Near-Infrared Light Emitting Diode Based Non-Invasive Glucose Detection System
Diabetes mellitus is a common disease that has affected people since antiquity. The complexity of diabetes mellitus lies in the fact that it requires continuous management in order to prevent serious complications. Various methods for managing diabetes mellitus through monitoring blood
glucose levels have been studied and developed, and the most widely used method includes using an invasive blood glucose meter. Since the invasive blood glucose meter poses a major inconvenience for patients, in this study, we sought to develop a non-invasive blood glucose meter. We therefore
proposed the development of a non-invasive blood glucose measurement system that is based on near-infrared spectroscopy. The system developed was composed of a light source for emitting different wavelengths, a light detector unit, and a computing system for recording signals. A prepared glucose
solution was injected into a quartz cuvette and light at 780–1650 nm was emitted to pass through the cuvette. The degree of reaction was determined by recording the change in wavelength.

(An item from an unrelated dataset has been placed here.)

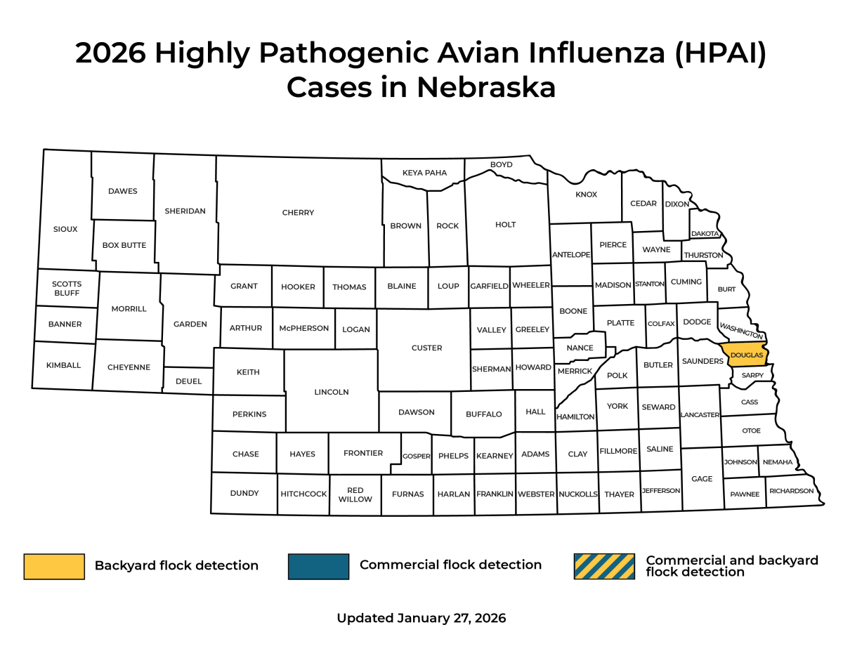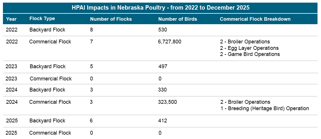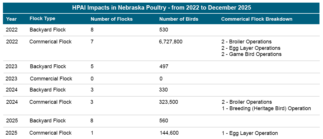 - Genome Sequencing has determined that all poultry HPAI cases in Nebraska have been from wildlife introductions. Therefore, the Nebraska Department of Agriculture encourages poultry producers to practice good biosecurity with their flocks including minimizing exposure to wild birds and washing your hands as well as changing your clothes (including shoes) before and after coming into contact with poultry.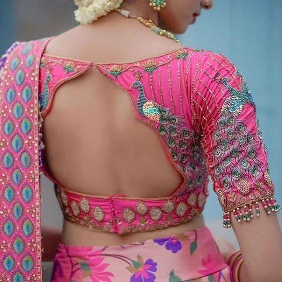 New Latest Peacock Thread Work Designer Blouse Lotus Pink Color

The wavelength band used for the experiment was 780–1000 nm and the resolution was 20 nm. The
glucose concentration was determined to be between 50 to 400 mg/dl compared to the normal range of 80 to 120 mg/dl. By examining which wavelength bands specifically reacted with glucose, we observed that the wavelength bands that decreased or increased in response to the glucose concentration
were at 780 nm and 940 nm. For wavelength bands at 1000 nm or above, light was also absorbed by water and therefore it was difficult to distinguish the results. The most reliable wavelength band was at 940 nm with an R
2 of 0.9806. In conclusion, the near-infrared light emitting
diode based non-invasive glucose detection system performed well and is expected to be a superior method for monitoring blood glucose levels in diabetes mellitus.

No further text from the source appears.